WORK TO COMPLETE:
Working from the entries that follow, transcribe exactly and only the lines from the one with "fly and button." through the last, pictures excluded.

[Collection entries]
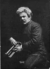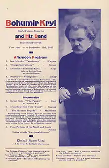 Bohumir Kryl (originally Bohumil Krill, also Bohumír Kryl) was born on May 3, 1875, at Hořice 230, Bohemia, Austria-Hungary.[2][3] He was baptized Catholic 7 days later.[4] His first instrument was the violin, which he studied at age 10.[3] While attending school in Hořice he was classmates with Jan Kubelík, with whom he maintained correspondence.[5] He spent time performing both the violin and the cornet for a circus band in Prague.[3][6] He also performed as an aerialist acrobat with the Rentz Circus in Germany,[7] but an accident in 1886 ended this line of work.[2] His father was a sculptor, and Bohumir also studied this art.[2] He emigrated to the United States in 1889,[3][8] paying the fare in part by performing with the ship's orchestra.[9] Moving to Chicago, English sculptor H.R. Saunders furthered his profession in that area. Bohumir followed Saunders to Indianapolis[1] and was soon employed, along with his brother,[10] as a sculptor by General Lew Wallace and also working on the Soldiers' and Sailors' Monument.[2] Simultaneously he joined the When Clothing Company Band, playing the cornet[9] and soloing on this instrument.[2] Before long he was hired by John Philip Sousa, but was fired in 1898 by Sousa because he copied some of the band's music for his own personal use.[11] He then joined Thomas Preston Brooke's Chicago Marine Band, where he spent the next two years.[2] During this time he studied with Weldon of Chicago's Second Regiment Band.[2] In 1901 he spent some time with Phinney's United States Band,[12] but he joined the Duss Band permanently that year.[2] This group was based at Madison Square Garden, at $800 per-month and became its assistant conductor in 1903.[9] This band, led by Frederick Innes, was not as well known, but he was hired as soloist, and the heavy touring schedule and two solos per concert gained him wide exposure.[2] His solos would result in requests for multiple encores.[13] Studying bandleaders Creatore and Vessela, he adopted a wild 'lionesque' hairstyle that became his trademark.[2][14] He became acquainted with Joseph Jiran, who owned a Czechoslovak music store in Chicago. With Jiran's encouragement, he formed his own band in 1906[2] styled as Kryl's Bohemian Band by 1910[3] with the Cimera brothers.[15] This group worked for Columbia, Victor, and Zonophone, recording works by such composers as Smetana, Dvorak, and Safranek.[3] He earned the distinction of the first Czech musician to record on phonograph cylinders.[1] Kryl's older brother František Xaverský (Frank) Kryl became a band-leader in Chicago.[16] An even older brother Jan Křtitel (John) was president of the Pilsen Foundry & Iron Works there.[17]
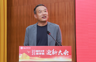 随后,南开大学商学院院长白长虹上台致辞,他代表学院对2025级新生的到来表示热烈欢迎,分享了希望大家以青年的创造力践行“商以富国”的使命,在创造中追寻幸福的意义。在南开商科,尤其注重科学与艺术相融合的创造力培养,强调跨学科的知识复合与自主建构,倡导实践导向与团队协作,更呼唤面向未来的责任与担当。
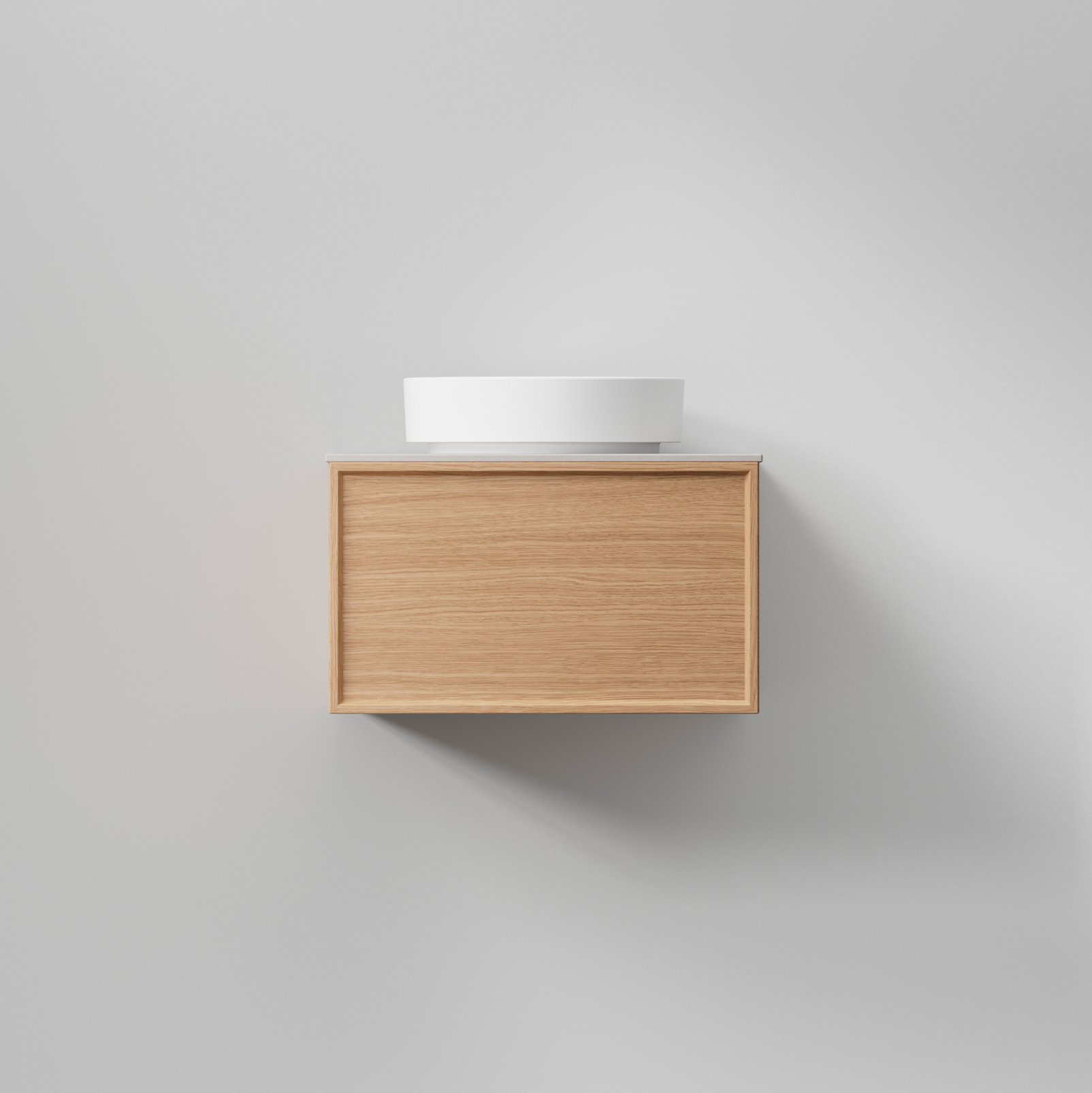 Tvättställskåp INR Air Wood 60 är ett modernt tvättställsskåp med hel lådfront med fackindelad innerlåda. Fingerskarvade detaljer i massiv ek.
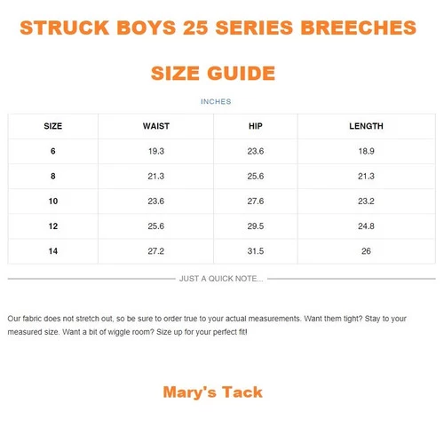 *Sizes 6 and 8 Struck breeches are a pull on style with no zipper. There is a faux fly and button.
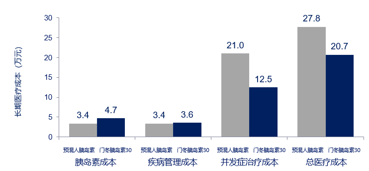 那药物经济学方面如何?根据A1chieve研究中国亚组(n=1,191例)的数据[19],采用药物经济学模型评估长期成本效果可以发现,与预混人胰岛素相比,诺和锐® 30不但提高患者预期寿命和质量调整生命年,还可节约长期医疗总成本25%——主要来自管理并发症成本的降低(图4)。
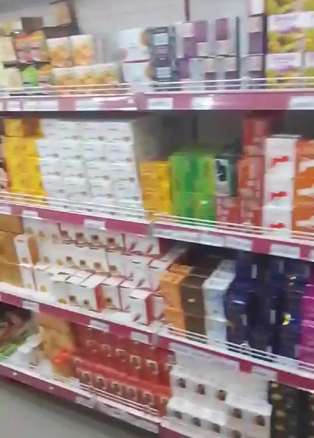 quick pan along a shelf in a shop, likely a supermarket or confectionery store, stocked with boxed chocolates
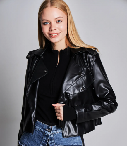 Куртка из эко-кожи классический вариант на очень этого сезона. Укороченная модель может сочетаться как с джинсами, так и с юбками разной длинны и кроя. Полиуретан

RESPONSE BOX:
 *Sizes 6 and 8 Struck breeches are a pull on style with no zipper. There is a faux fly and button.
 那药物经济学方面如何?根据A1chieve研究中国亚组(n=1,191例)的数据[19],采用药物经济学模型评估长期成本效果可以发现,与预混人胰岛素相比,诺和锐® 30不但提高患者预期寿命和质量调整生命年,还可节约长期医疗总成本25%——主要来自管理并发症成本的降低(图4)。
 quick pan along a shelf in a shop, likely a supermarket or confectionery store, stocked with boxed chocolates
 Куртка из эко-кожи классический вариант на очень этого сезона. Укороченная модель может сочетаться как с джинсами, так и с юбками разной длинны и кроя. Полиуретан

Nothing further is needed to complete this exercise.